Problem to solve: With the pictures left out, please return exactly the line holding "2023年,我一直没有接到通" and each following line until the entries end.

——

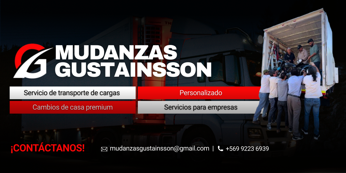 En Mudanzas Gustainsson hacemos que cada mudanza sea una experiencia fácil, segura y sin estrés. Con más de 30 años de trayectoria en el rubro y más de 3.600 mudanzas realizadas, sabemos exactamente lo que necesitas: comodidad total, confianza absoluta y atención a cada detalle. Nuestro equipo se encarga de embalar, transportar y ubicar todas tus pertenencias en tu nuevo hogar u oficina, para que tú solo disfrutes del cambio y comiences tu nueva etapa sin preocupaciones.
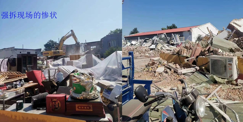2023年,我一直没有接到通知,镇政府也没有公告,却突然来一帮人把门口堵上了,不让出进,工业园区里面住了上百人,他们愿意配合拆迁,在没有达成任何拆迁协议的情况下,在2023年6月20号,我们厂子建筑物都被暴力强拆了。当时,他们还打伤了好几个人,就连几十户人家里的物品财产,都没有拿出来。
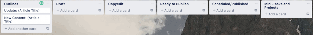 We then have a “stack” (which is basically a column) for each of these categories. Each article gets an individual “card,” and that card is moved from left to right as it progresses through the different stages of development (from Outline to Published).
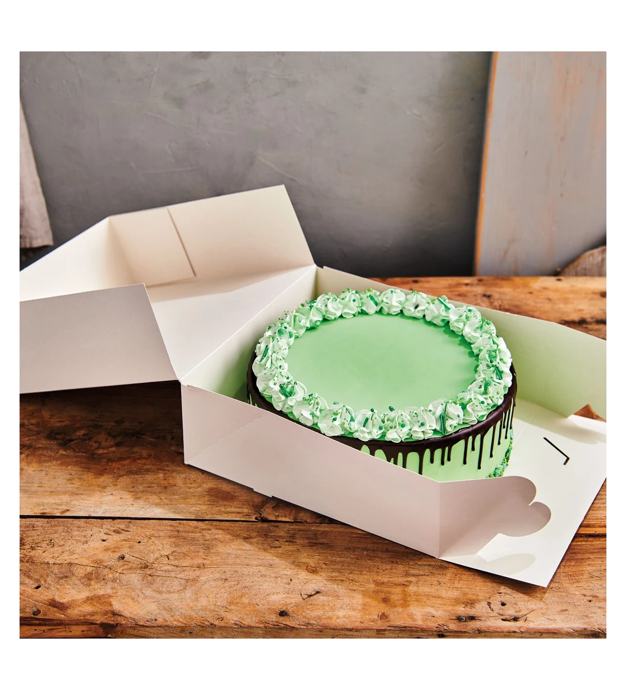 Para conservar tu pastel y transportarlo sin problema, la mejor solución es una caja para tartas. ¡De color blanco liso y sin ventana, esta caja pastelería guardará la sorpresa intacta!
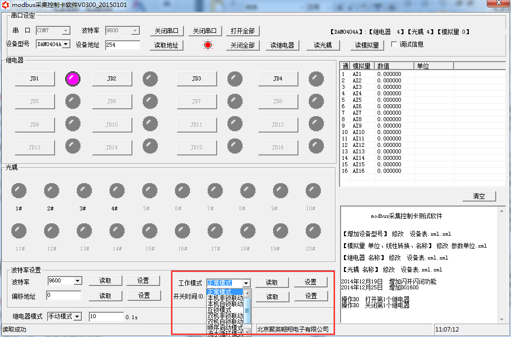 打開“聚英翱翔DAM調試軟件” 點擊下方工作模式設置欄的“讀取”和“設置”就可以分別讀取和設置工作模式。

——

Reply:
2023年,我一直没有接到通知,镇政府也没有公告,却突然来一帮人把门口堵上了,不让出进,工业园区里面住了上百人,他们愿意配合拆迁,在没有达成任何拆迁协议的情况下,在2023年6月20号,我们厂子建筑物都被暴力强拆了。当时,他们还打伤了好几个人,就连几十户人家里的物品财产,都没有拿出来。
 We then have a “stack” (which is basically a column) for each of these categories. Each article gets an individual “card,” and that card is moved from left to right as it progresses through the different stages of development (from Outline to Published).
 Para conservar tu pastel y transportarlo sin problema, la mejor solución es una caja para tartas. ¡De color blanco liso y sin ventana, esta caja pastelería guardará la sorpresa intacta!
 打開“聚英翱翔DAM調試軟件” 點擊下方工作模式設置欄的“讀取”和“設置”就可以分別讀取和設置工作模式。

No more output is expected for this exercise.